А значит, сказанное ему сегодня тоже сбудется в точности.

И потому Храмовая Собака не мог не испытывать тревоги – совсем такой же, как и в прошлый раз. Хотя на давешнего Видящего Чистое Зеркало не походил ничуть.

Наверняка прозвание свое он получил за мастерство и талант – который, как зеркало, отражает будущее. Но Шану думалось иначе. Выражение блестящих, словно зеркало, черных глаз гадателя поражало редкостной душевной чистотой.

Чистотой – но отнюдь не наивностью.

О какой наивности речь, если человек изо дня в день соприкасается с людскими судьбами! Сколько обличий будущего он уже успел повидать в свои совсем еще юные годы?

А Чистое Зеркало был юным. Даже моложе Воробья. А выглядит старше. Тье рядом с ним показался бы мальчишкой. Умным и проницательным не по годам – но как ни крути, а вся его повадка мальчишеская. Ему еще только предстояло повзрослеть. А юный гадатель оставил порог зрелости далеко позади.

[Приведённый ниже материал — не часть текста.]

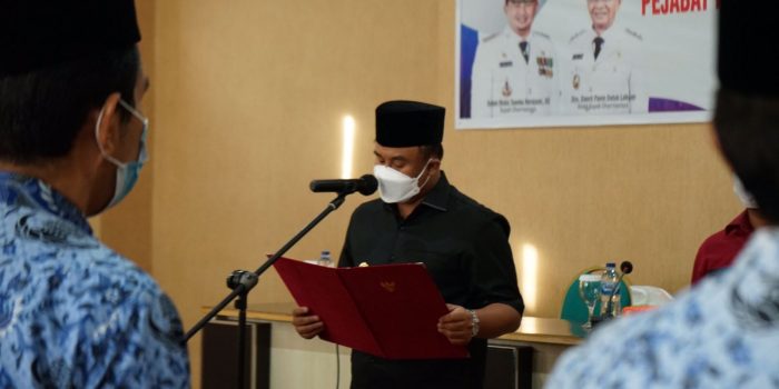 DHARMASRAYA – Bupati Dharmasraya, Sutan Riska Tuanku Kerajaan, kembali melakukan penyegaran pejabat di lingkungan Pemerintah Kabupaten Dharmasraya. Hari ini, Jum’at (26/11/21), bertempat di Aula Kantor Bupati Dharmasraya, sebanyak 24 pejabat dilantik oleh bupati. Empat diantara pejabat yang dilantik adalah pejabat tinggi pratama atau eselon II, sisanya pejabat administrator, pejabat pengawas, dan Kepala UPT Puskesmas.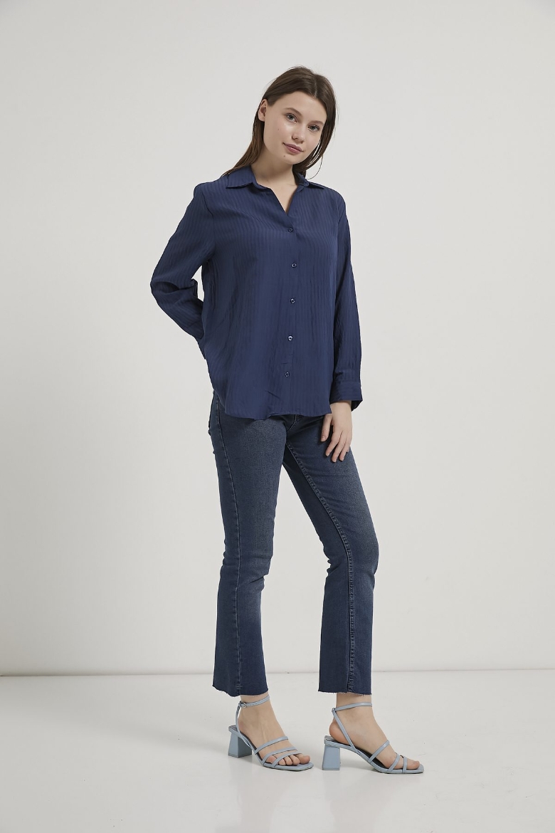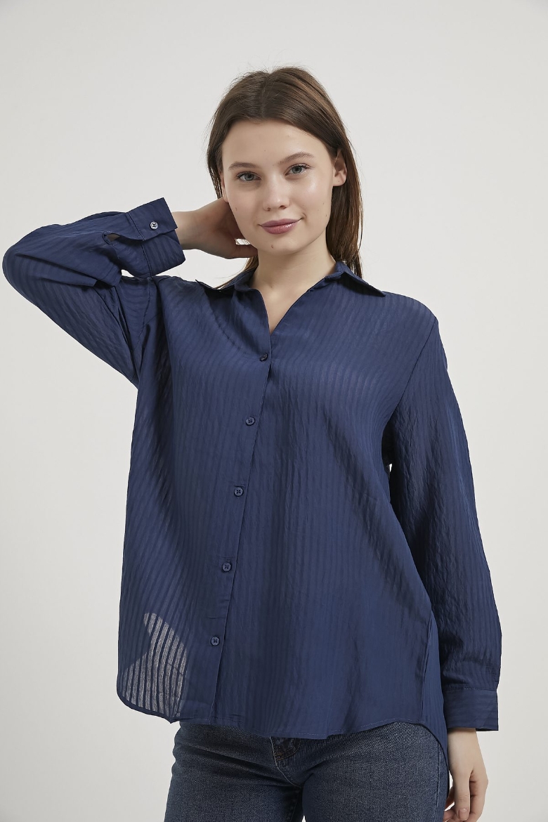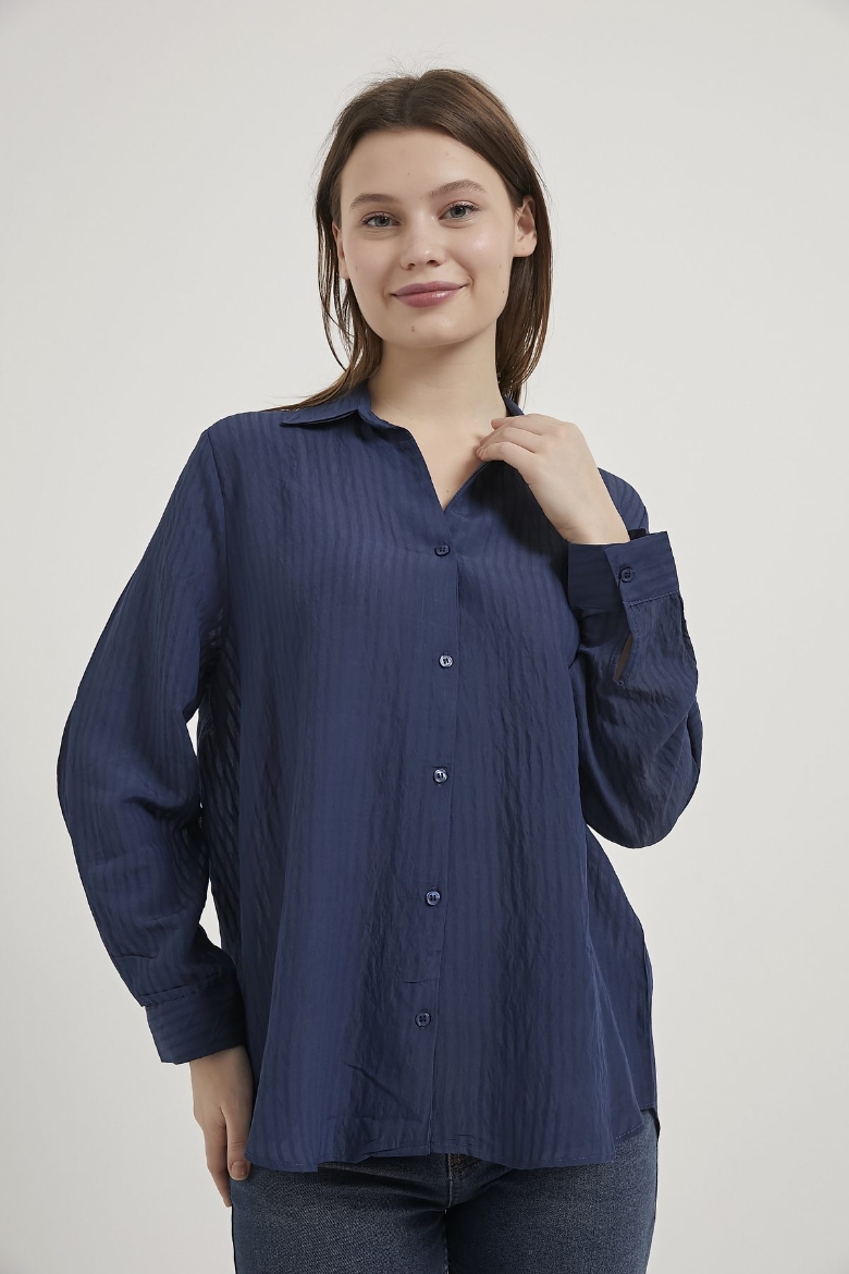 ARMALIFE 1407 AÇIK YAKA İNCE ÇİZGİ DETAYLI KADIN GÖMLEK

Напротив Шана сидел тихий юноша с тонкими чертами лица, осунувшийся после тяжелой болезни – а Шан каменел, потому что понимал: это обманка. Это всего-навсего тело.

– Вам, наверное, понадобятся мои волосы? – наконец нарушил молчание Храмовая Собака и сам потянулся за ножницами, лежащими возле жаровни.

– Нет, – покачал головой Чистое Зеркало. – Здесь и сейчас для вас – нет.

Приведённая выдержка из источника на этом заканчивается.